Abstract
Up to 70% of menopausal women report musculoskeletal (MSK) pain during and after the time of menopause. This observation suggests oestrogen deficiency may play a role in the development of MSK pain and conditions which cause it. Therefore, we hypothesise that hormone replacement therapy (HRT) will improve these symptoms; however, there is currently no guidance on the use of HRT for such symptoms. This review aims to synthesise current evidence on the associations between HRT and chronic MSK pain in menopausal women, to help guide clinical practice. MEDLINE, EMBASE, AMED, CINAHL, PsycINFO, Cochrane and Web of Science databases were searched from their inception to October 2024. The search initially identified 30,739 studies from which 57 studies, including a total 3,958,702 participants, were included. MSK outcomes were grouped into generalised MSK pain, osteoarthritis (OA), rheumatoid arthritis (RA), gout and carpel tunnel syndrome (CTS). Pooled analysis found no significant effect of ever HRT use versus never HRT use on generalised MSK pain (RR 1.00, 95% CI 0.96–1.04). For OA and RA outcomes significant heterogeneity between studies restricted our ability to undertake pooled analysis. Narrative synthesis of these outcomes revealed conflicting results on the effect of HRT on these conditions. This systematic review and meta-analysis demonstrates the substantial heterogeneity within this field and highlights the need for bespoke studies investigating the effect of HRT on MSK pain to draw any firm conclusions to guide clinical practice.
Keywords
Introduction
Menopause, defined clinically as the permanent cessation of menstruation due to the loss of follicular function, is a universal experience for women living beyond midlife. 1 The associated decline in oestrogen levels results in a plethora of symptoms including hot flushes, mood changes, cognitive dysfunction, sleep disturbance, fatigue, reduced libido and musculoskeletal (MSK) pain.
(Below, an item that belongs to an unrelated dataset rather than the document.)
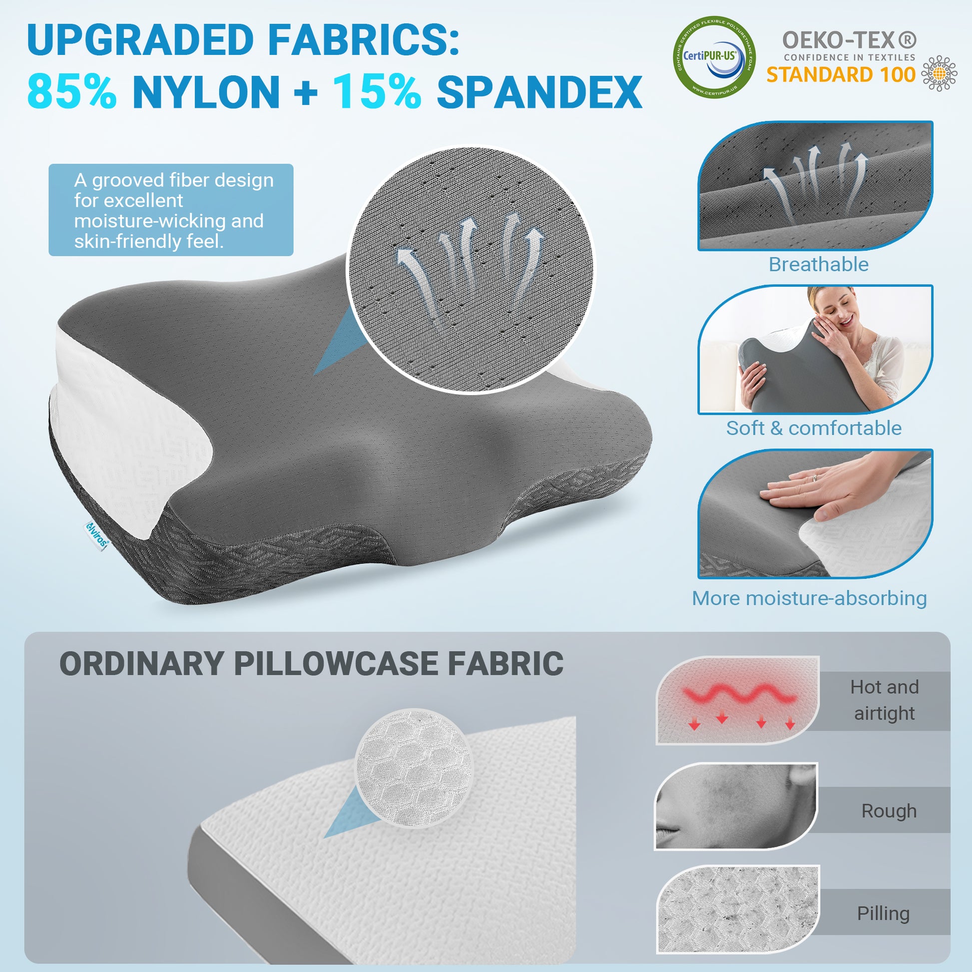 This CertiPUR-US certified and Oeko-Tex approved pillows is non-toxic and hypoallergenic. Elviros ergonomic sleeping pillow core is made of high- density slow rebound memory foam. That will provide sleeping firm support with amazing comfort and softness. Keeps its shape and firmness for long term use.

While vasomotor symptoms (hot flushes and night sweats) have traditionally been regarded as the hallmark features of menopause, recent evidence suggests MSK pain is nearly as prevalent, affecting over 70% of women at the peak of menopause. 2
Emerging research indicates strong sex-based disparity in MSK disorders, with women experiencing higher rates of arthralgia and arthritis than men. 3 These differences become particularly pronounced during the menopausal transition, suggesting a potential link between oestrogen deficiency and the development and progression of such conditions. For example, the incidence of osteoarthritis (OA) rises exponentially in women over men at the age of menopause.4,5 Furthermore, oestrogen is known to exert anti-inflammatory and immunosuppressive effects, hence associations with new onset inflammatory conditions such as rheumatoid arthritis (RA) during and after menopause. 6 However, not all pain experienced during the menopause can be directly attributed to oestrogen deficiency. Joint and muscle pains can be related with fatigue, mood, sleep disturbance, and elevated Body Mass Index. The menopause is therefore likely to trigger and drive chronic pain syndromes.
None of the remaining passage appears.